# Smoked Turkey Score At Sams?



## ronp (Mar 13, 2009)

Nice.


I was at Sam's as usual and the demo gal asked if I got a turkey? I said what turkey? She said they had turkeys for 4 dollars. She pointed to where they were. I went and none were there and I told her. A little while later when I was in the meat dept here she comes with one. Damn a 22.00 dollar bird for $4.01.

Now for the question. IIt is fully cooked, it is hickory smoked, and I am going to heat - smoke it to 145'. Has anyone ever had one of these commerically smoked birds and if so how was it?

Thanks.


----------



## carpetride (Mar 13, 2009)

I've done quite a few hams like that.  I just treat it like anything else I smoke...rub and watch the temp.


----------



## joelarbear (Mar 13, 2009)

I've bought pre-smoked turkeys before. In my opinion, they are better if you just thaw them, rather than heat them up. It's been my experience that they tend to dry out when heated up as opposed to served cold, or room temperature.

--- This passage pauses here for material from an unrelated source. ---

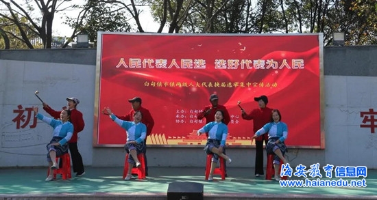 白甸镇文化志愿者以选举为主题自编自演了群口快板、歌舞等节目,用群众喜闻乐见的形式宣传选举,吸引大量观众驻足观看。现场咨询、知识问答,更是让不少群众纷至沓来。
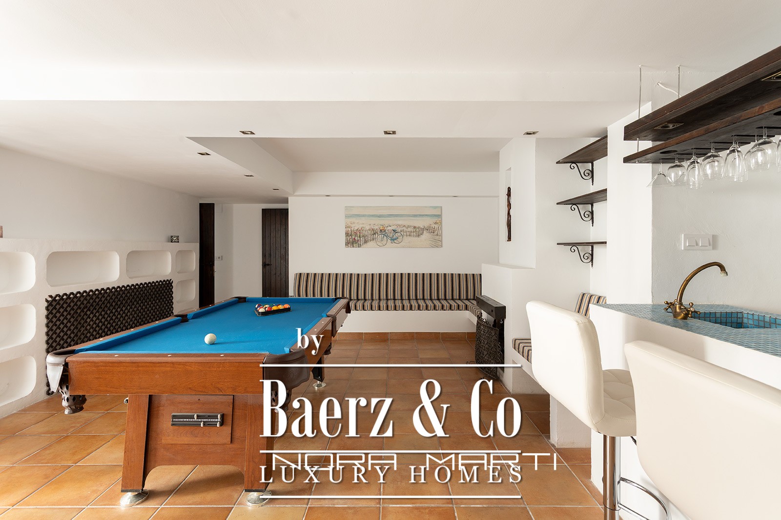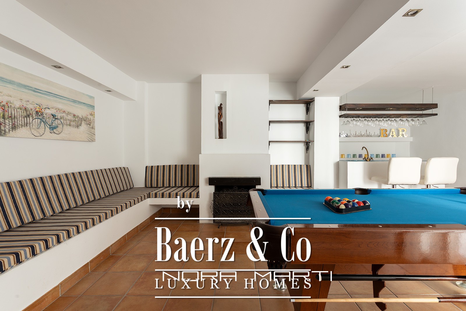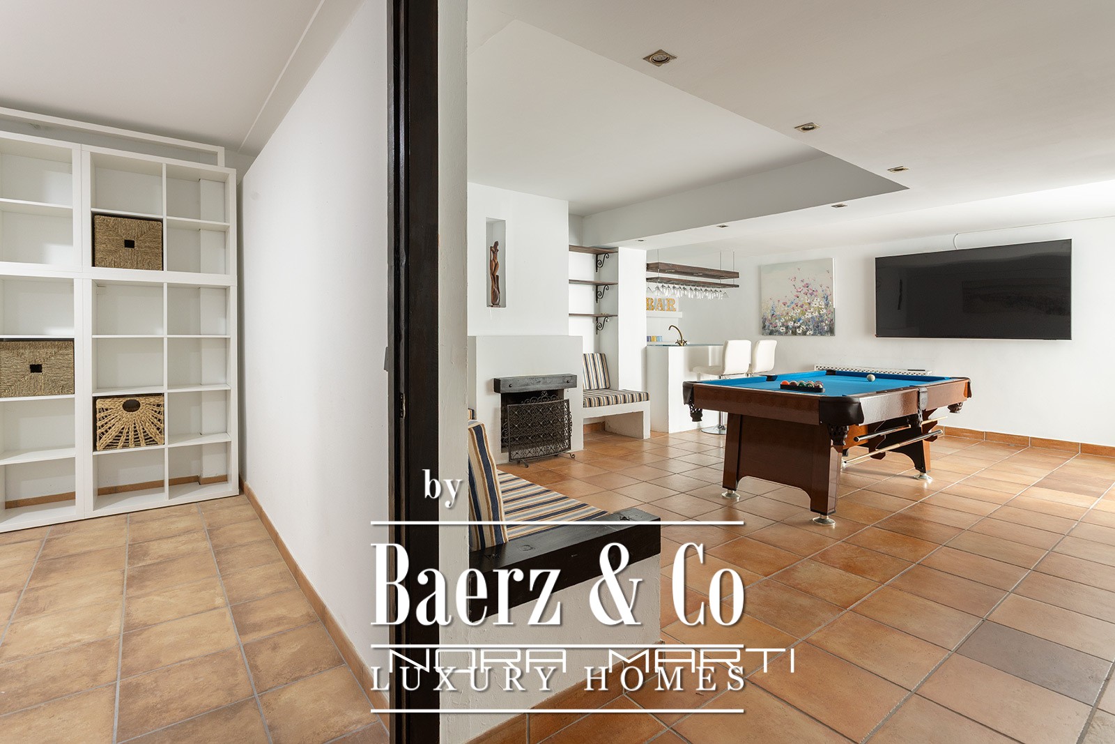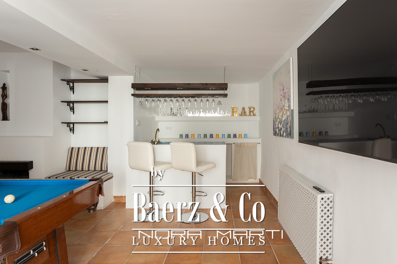 Light fills the central living room, which extends gracefully onto a terrace suited for daily enjoyment of open air and natural light. The private garden, equipped with a barbecue area and expansive table, becomes a natural gathering point for alfresco dining and relaxed social occasions. The ground floor unveils a leisure haven including a bar, TV and games room, toilet, and direct access to the garden, ensuring both intimate family time and effortless hosting.

But yeah, you got a hell of a deal.


----------



## vtanker (Mar 13, 2009)

Yeah, what do you do with it? I smoke a lot of turkey breast but never had one pre cooked. Whats the point?


----------



## bassman (Mar 13, 2009)

No matter what you do with it Ron, you got a great deal!


----------



## pignit (Mar 13, 2009)

Man.... you score more than anybody I know!


----------



## bbq engineer (Mar 13, 2009)

Ron,

Even if you just slice that baby up and make sammies, or chop it up and make a smoked turkey pot pie, what a deal! 


BBQ Eng.


----------



## fire it up (Mar 13, 2009)

Have never seen a fully cooked and smoked turkey like that before.
Around here they have half cooked smoked turkey legs but with those I just finish in the oven usually or on the grill but don't add any smoke.  They are always very smokey and just need the center brought up to a proper temp.
Fully cooked I would watch if you decide to heat it, nothing ruins a bird more than overcooking. As for the smoke, it really may not need any depending on what kind of job they did at the factory.


----------



## mikey (Mar 19, 2009)

*I don't know about everyone else, but I think the POINT is a $22.00 turkey for $4.01. The other point is the score. Talk abut steppin' in a bucket of poop, and come out smellin' like a rose.  Ron,  you've done it again.
	

	
	
		
		



		
		
	


	



*


----------



## vtanker (Mar 19, 2009)

I understand about the money savings! But what do you do with a pre-smoked turkey??? I have not smoked all there is to smoke! I do not know all there is to know about any thing! I am here trying to learn as are all of us, or so I thought. I guess I am not as advanced in my knowledge as you are Mikey, Sorry about screwing up *THE POINT*. I am not trying to offend anyone! As I have stated before in Ron's post I have learned a lot from him and I enjoy his Qviews.

Thank you again Ron.


----------



## mikey (Mar 19, 2009)

*What to do with a pre smoked turkey?  A few things come to mind like sammies, chop some up and make a smoked turkey, spinach & cheese omelette for breakfast.  I think the possibilities are numerous, just let those creative juices flow.  I, as well, have not smoked all there is to smoke either, but in this case the "factory" has done the work.  A worst case senario for me would be the turkey tasted like crap, then my dogs would reap the benefits. It would be a win win all the way around here at my house.*

*As a side note, vtanker my response to you was in no way being critical. Common sense tells me that if it's not in print, it's tough to read someone's mind. *


----------



## pignit (Mar 19, 2009)

I can tell you Ron that before I started smoking meat myself, the smoked Turkey at Sams was one of my favorites. I think I'd eat it as is unless your feelin adventurous and in the mood to experiment.


----------



## scubadoo97 (Mar 19, 2009)

The point of this one was it was below cost and a steal of a deal.  Lot's of sandwiches off that 4 dollar bird.


----------



## fire it up (Mar 19, 2009)

I don't think there is anything wrong with buying a precooked smoked bird, long as it tastes good.  One of my favorite things to smoke is turkey legs but when I am out and am lucky enough to find half cooked smoked legs at Acme I always grab a pack.  They aren't bad at all.  They ALWAYS have smoked turkey tails, wings and ham hocks but it is a rare find to get the smoked legs.  But I am lucky, the shoprite across from Acme almost always carries packs of uncooked turkey legs so, weather permitting, I can fire up the smoker if I truly need my leg fix.  Sure it is usually better to do your own work but, if it's a wheel of a deal and makes a fine meal then I know how you feel.


----------